# Dirty SOB



## z1200 (Jan 26, 2012)

I have been pulling my hair out and punching myself in the face... So!...
The last few days I have been working on setting up a 30 gal. Dirt tank, in tight quarters. Needless to say, I am quite frustrated. I am having trouble filling and emptying the tank. I get it near empty and the dirt keeps exposing through the sand, making a huge mess. Filling poses the same issue. The water was so cloudy I couldn't even see the back of the tank.

I am using Miracle Gro organic mix soil and Paverstone Pool filter sand

Any tips on setting up a dirt tank would be greatly appreciated.


----------



## Rob72 (Apr 2, 2011)

just a tip i used to have the peat sand gravel adn just tore it all out and put in poolfilter sand only, no dirt or peat, it was in tank for 1 year and man what smell when you go to move anything or tear it down, just my opinion scrap the dirt peat, and put sand only and use root tabs and ferts you will be happier


----------



## dirtydutch4x (Jun 16, 2009)

did you pour in the water over something? when I set mine up I use paper towels laid over everything and a plate to pour the water onto, I have had no problems doing this on any I have set up. I use the same dirt and PFS also, i have had practically no problems with a mess from pulling or replanting at any point.


----------



## z1200 (Jan 26, 2012)

@Rob did you use a filter? With proper filtration it shouldn't smell. I have a nice filter for this tank and have used it with water, it doesn't disturb the sand at all.

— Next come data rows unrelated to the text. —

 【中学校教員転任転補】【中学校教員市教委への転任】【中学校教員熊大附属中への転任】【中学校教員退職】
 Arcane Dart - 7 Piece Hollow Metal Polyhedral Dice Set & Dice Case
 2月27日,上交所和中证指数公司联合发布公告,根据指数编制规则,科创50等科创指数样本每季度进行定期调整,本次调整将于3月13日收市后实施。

@Dirtydutch Thanks I will have to try that. Did you do lots of waterchanges initially? When I first filled up it made the water really murky. And I only have 5 gal buckets to haul water UPSTAIRS into my room. Although I will be totally jacked from carrying 40 lbs buckets, I would like an easier way.


----------



## dirtydutch4x (Jun 16, 2009)

As long as you add slowly there should be minimal to no murkiness, I also used a 5 gallon bucket but what I did to add it slowly was first cupped the water out until there was like2-4 inches and then poured over a plate very slowly, it took forever in my 55. I had no smell until after a year but that was filterless with no water changes and a huge water change helped that. I do not recommend anything I do, just sharing my experience and hope it helps.


----------



## z1200 (Jan 26, 2012)

Alright. I'm going to be refilling this weekend. I will let you know yow it goes.


----------



## Rob72 (Apr 2, 2011)

yea had a great filter, eheim 2217 on a 54 gallon tank


----------



## beaslbob (May 29, 2009)

I would put the dirt in an empty tank.

Add enough water to fill that but nothing floats.

then add sand on top of that.

Again add water to just fill that sand.

then add plants if any. plus decorations and what have you also.

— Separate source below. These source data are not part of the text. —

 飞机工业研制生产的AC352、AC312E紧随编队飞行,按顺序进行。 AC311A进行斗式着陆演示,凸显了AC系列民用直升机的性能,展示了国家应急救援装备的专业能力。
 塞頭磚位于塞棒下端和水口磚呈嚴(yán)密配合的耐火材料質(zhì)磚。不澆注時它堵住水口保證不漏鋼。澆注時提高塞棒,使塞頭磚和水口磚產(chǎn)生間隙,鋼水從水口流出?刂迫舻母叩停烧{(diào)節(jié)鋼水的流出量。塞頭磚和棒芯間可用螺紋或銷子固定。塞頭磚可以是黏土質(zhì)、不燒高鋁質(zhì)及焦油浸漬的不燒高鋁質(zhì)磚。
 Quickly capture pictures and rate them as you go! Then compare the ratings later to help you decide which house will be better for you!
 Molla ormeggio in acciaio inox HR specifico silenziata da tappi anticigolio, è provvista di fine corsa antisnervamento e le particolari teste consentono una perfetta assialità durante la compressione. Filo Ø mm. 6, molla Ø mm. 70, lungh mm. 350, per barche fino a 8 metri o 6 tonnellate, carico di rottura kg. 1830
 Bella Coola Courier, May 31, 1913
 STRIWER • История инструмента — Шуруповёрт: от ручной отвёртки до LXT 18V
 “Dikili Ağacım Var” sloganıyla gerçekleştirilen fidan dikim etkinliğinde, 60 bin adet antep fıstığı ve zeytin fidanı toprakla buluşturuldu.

then slowly fill the tank with water poured over a dish.

Should be much clear then what you have now.

FWIW I use 1" peat moss, then 1" play sand, then 1" pc select.

(see the link in my signature)


my .02


----------



## Kehy (Apr 19, 2011)

beaslbob said:


> I would put the dirt in an empty tank.
> 
> Add enough water to fill that but nothing floats.
> 
> ...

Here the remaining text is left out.